Saved data entries:
*** Begin section ***

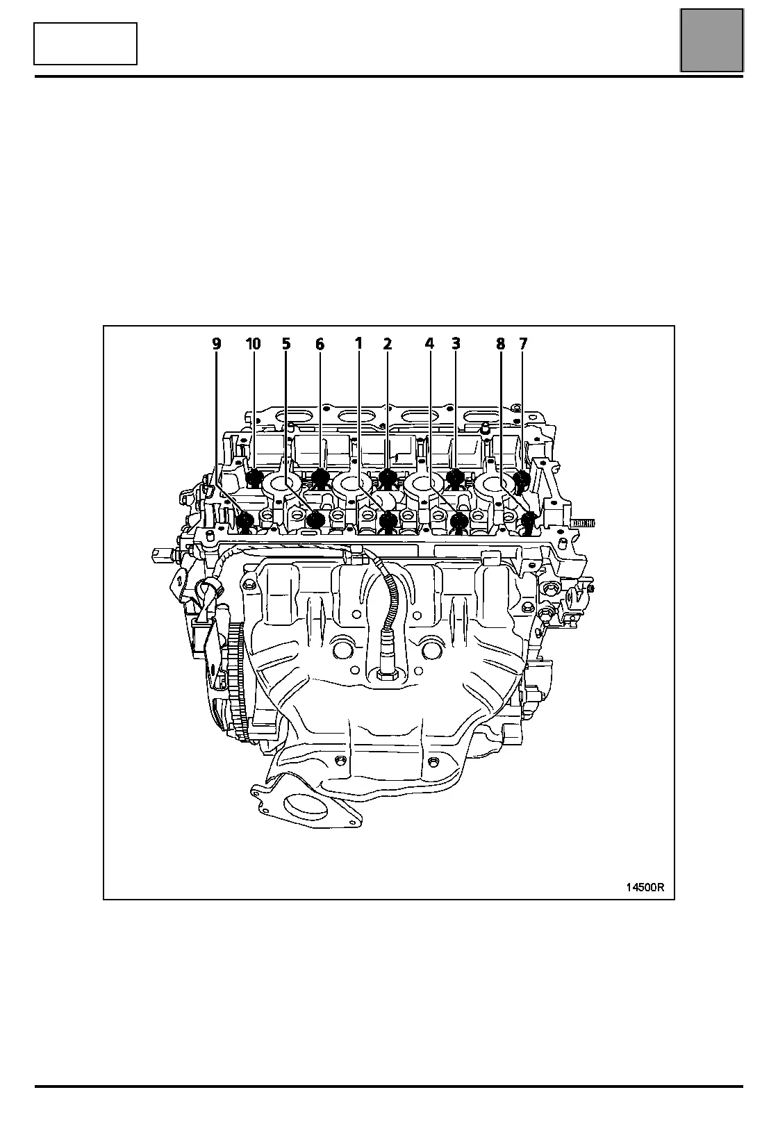 Check that all the bolts are correctly tightened to 2 daNm then angle tighten (bolt by bolt) by 165° ± 6° (F4P engine)
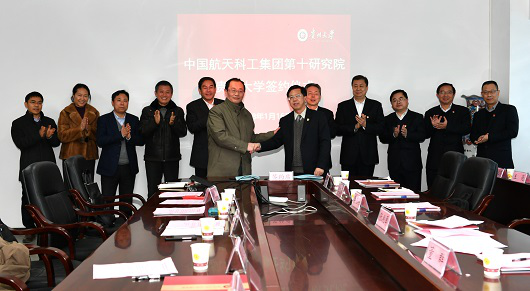 1月16日下午,我校與中國航天科工集團第十研究院戰(zhàn)略合作協(xié)議簽約儀式在機械工程學(xué)院會議室舉行。航天十院領(lǐng)導(dǎo)張兆勇、董群、李君山、鮑斌、張忠榮,校領(lǐng)導(dǎo)陳堅、王紅蕾、金道超,機械工程學(xué)院院長李少波、黨委書記安明剛出席儀式,航天十院及我校相關(guān)部門負(fù)責(zé)人,機械工程學(xué)院副院長楊勤、何鋒、黨委副書記代祥社參加儀式。
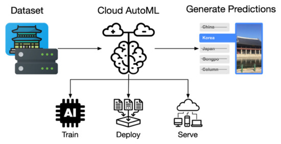 Cloud AutoML is a deep learning optimisation method that allows even users with minimal machine learning [18] knowledge to customise high-quality models to fit their business needs through the Cloud Vision API. Cloud AutoML provides a graphical user interface (GUI) environment that can be used to train, evaluate, improve, and distribute a model based on the user’s own data. Therefore, custom machine learning models can be created on a web console [19]. Because it is completely integrated with other Google cloud services, users can use a consistent access method for all of Google’s product lines. In Cloud AutoML, if a grouped and labelled dataset is placed in AutoML, the train, deploy, and serve processes are performed internally. The serve process can be used to publish a platform created by deep learning on all platforms including webpages, mobile devices, and computers, as shown in Figure 6. Thus, it provides a work environment with excellent and immediate scalability. Because Cloud AutoML supports Python and REST (Representational State Transfer) API for model generation, it can be used to create application programs. Once a deep learning model has been built, realising practical utilisation is simple. Therefore, it can be used intuitively in needed areas, and feedback is possible. The biggest advantage is that a model can be made smarter continuously and gradually after development by using data results with the user’s approval. The traditional buildings classification model requires specialised knowledge as reference data for deep learning. AI is used to obtain desired feature points within the image by itself, and the points are reviewed with non-training data to increase the accuracy further. Thus, a deep learning model can train itself in real time and improve its own performance [20].
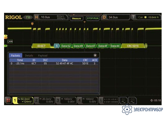 Опция анализа и запуска по шинам CAN и LIN MSO5000-AUTO для осциллографов Rigol серии MSO5000.
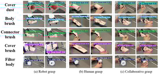 To further improve detection stability in the presence of intermittent occlusions, the pipeline incorporates TCAT (Time-Consistent Adaptive Thresholding), which adjusts confidence thresholds across consecutive frames based on temporal consistency. TCAT effectively suppresses unstable detections and mitigates jitter, yielding temporally coherent outputs even when objects are partially occluded. Representative qualitative results obtained using the YOLOv12 + TCAT pipeline under diverse operational conditions—including hand occlusion, robot-grasp motion, and pose variation—are presented in Figure 3, illustrating the robustness of the adopted perception module across the five target object categories.
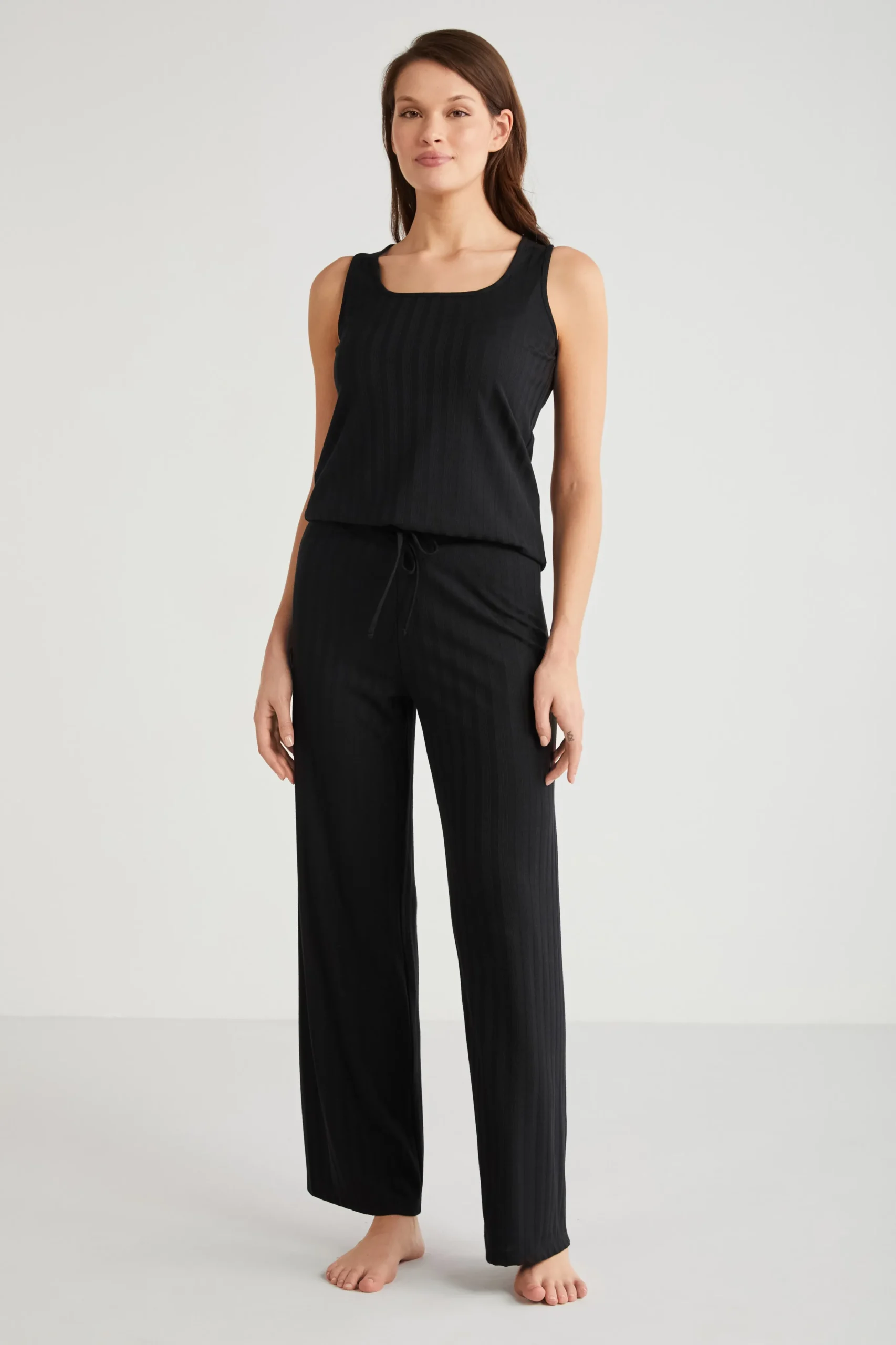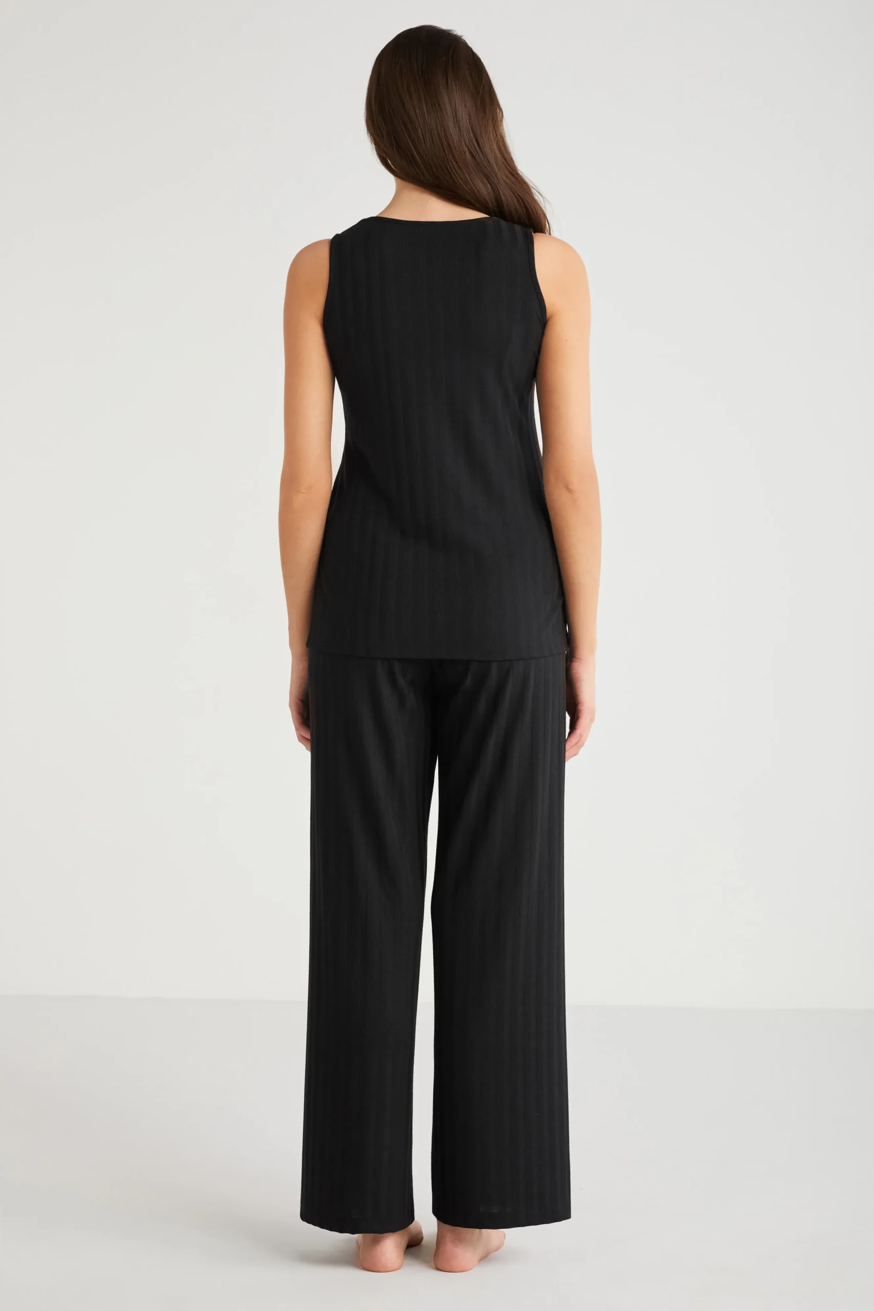 This luxurious pajama set offers a comfortable, timeless design, featuring a soft, elegant blend of polyester, vision, and elastane.

*** End section ***

### Assignment
Without the pictures, transcribe exactly the lines above from the one containing "To further improve" through the last.

### Exercise output
 To further improve detection stability in the presence of intermittent occlusions, the pipeline incorporates TCAT (Time-Consistent Adaptive Thresholding), which adjusts confidence thresholds across consecutive frames based on temporal consistency. TCAT effectively suppresses unstable detections and mitigates jitter, yielding temporally coherent outputs even when objects are partially occluded. Representative qualitative results obtained using the YOLOv12 + TCAT pipeline under diverse operational conditions—including hand occlusion, robot-grasp motion, and pose variation—are presented in Figure 3, illustrating the robustness of the adopted perception module across the five target object categories.
 This luxurious pajama set offers a comfortable, timeless design, featuring a soft, elegant blend of polyester, vision, and elastane.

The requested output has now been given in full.